**TASK TO COMPLETE:** Transcribe everything in the listing as written, and let no image into the copy.

**DATASET SECTION:**
┌────────
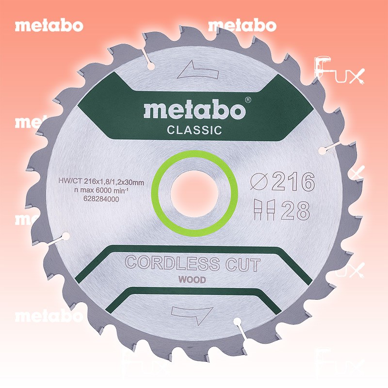 Zu "Kreissägeblätter »cordless cut« wood " von Metabo Metabo Kreissägeblatt 216 mm classic Bestell- und Artikelnummer: 628284000 Maximale Laufzeit für Akku-Sägen durch extra dünne Stammblattdicke und Schnittbreite Deutlich mehr Schnitte pro Akkuladung im Vergleich zu Standard-Sägeblättern bei gleich hoher Standzeit Zum Kreissägeblatt-Finder Technische Daten Durchmesser x Schnittbreite x Bohrung 216 x 1.8 x 30 mm Material HW/CT Zähnezahl 28 Zahnform WZ Stammblattdicke 1.2 mm Spanwinkel 5° geeignet für KS 18 LTX 216 / KGS 18 LTX 216 Verpackung Karton Standard-Ausrüstung Verkaufseinheit 1 Stk. Geliefert im Karton Listenpreis CHF 44.00 Fuxpreis CHF 37.00 inkl. 8.1% MwSt, inkl vRG Versand CHF 15.00 Kein Grauimport! Produkt bestellen Verkaufseinheit 1 Stk. 1 Stück 2 Stück 3 Stück 4 Stück 5 Stück 6 Stück 7 Stück 8 Stück 9 Stück 10 Stück 11 Stück 12 Stück 13 Stück 14 Stück 15 Stück 16 Stück 17 Stück 18 Stück 19 Stück 20 Stück 21 Stück 22 Stück 23 Stück 24 Stück 25 Stück 26 Stück 27 Stück 28 Stück 29 Stück 30 Stück 31 Stück 32 Stück 33 Stück 34 Stück 35 Stück 36 Stück 37 Stück 38 Stück 39 Stück 40 Stück 41 Stück 42 Stück 43 Stück 44 Stück 45 Stück 46 Stück 47 Stück 48 Stück 49 Stück 50 Stück Alle Angaben ohne Gewähr und solange Vorrat reicht!Wiederverkäufer werden?Lehrlingsrabatt? Produkt als PDF AKTION 15%
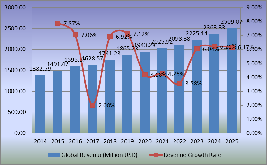 圖:2014-2025年全球廚房刀具收入(百萬美元)和增長率
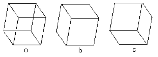 Необходимость удаления невидимых линий, ребер, поверхностей или объемов проиллюстрирована рис.3.1. На рис.3.1, а приведен типичный каркасный чертеж куба. Его можно интерпретировать двояко: как вид куба сверху, слева или снизу, справа. Удаление тех линий или поверхностей, которые невидимы с соответствующей точки зрения, позволяют избавиться от неоднозначности. Результаты показаны на рис.3.1, b и c.
└────────
**SOLUTION:**
 Zu "Kreissägeblätter »cordless cut« wood " von Metabo Metabo Kreissägeblatt 216 mm classic Bestell- und Artikelnummer: 628284000 Maximale Laufzeit für Akku-Sägen durch extra dünne Stammblattdicke und Schnittbreite Deutlich mehr Schnitte pro Akkuladung im Vergleich zu Standard-Sägeblättern bei gleich hoher Standzeit Zum Kreissägeblatt-Finder Technische Daten Durchmesser x Schnittbreite x Bohrung 216 x 1.8 x 30 mm Material HW/CT Zähnezahl 28 Zahnform WZ Stammblattdicke 1.2 mm Spanwinkel 5° geeignet für KS 18 LTX 216 / KGS 18 LTX 216 Verpackung Karton Standard-Ausrüstung Verkaufseinheit 1 Stk. Geliefert im Karton Listenpreis CHF 44.00 Fuxpreis CHF 37.00 inkl. 8.1% MwSt, inkl vRG Versand CHF 15.00 Kein Grauimport! Produkt bestellen Verkaufseinheit 1 Stk. 1 Stück 2 Stück 3 Stück 4 Stück 5 Stück 6 Stück 7 Stück 8 Stück 9 Stück 10 Stück 11 Stück 12 Stück 13 Stück 14 Stück 15 Stück 16 Stück 17 Stück 18 Stück 19 Stück 20 Stück 21 Stück 22 Stück 23 Stück 24 Stück 25 Stück 26 Stück 27 Stück 28 Stück 29 Stück 30 Stück 31 Stück 32 Stück 33 Stück 34 Stück 35 Stück 36 Stück 37 Stück 38 Stück 39 Stück 40 Stück 41 Stück 42 Stück 43 Stück 44 Stück 45 Stück 46 Stück 47 Stück 48 Stück 49 Stück 50 Stück Alle Angaben ohne Gewähr und solange Vorrat reicht!Wiederverkäufer werden?Lehrlingsrabatt? Produkt als PDF AKTION 15%
 圖:2014-2025年全球廚房刀具收入(百萬美元)和增長率
 Необходимость удаления невидимых линий, ребер, поверхностей или объемов проиллюстрирована рис.3.1. На рис.3.1, а приведен типичный каркасный чертеж куба. Его можно интерпретировать двояко: как вид куба сверху, слева или снизу, справа. Удаление тех линий или поверхностей, которые невидимы с соответствующей точки зрения, позволяют избавиться от неоднозначности. Результаты показаны на рис.3.1, b и c.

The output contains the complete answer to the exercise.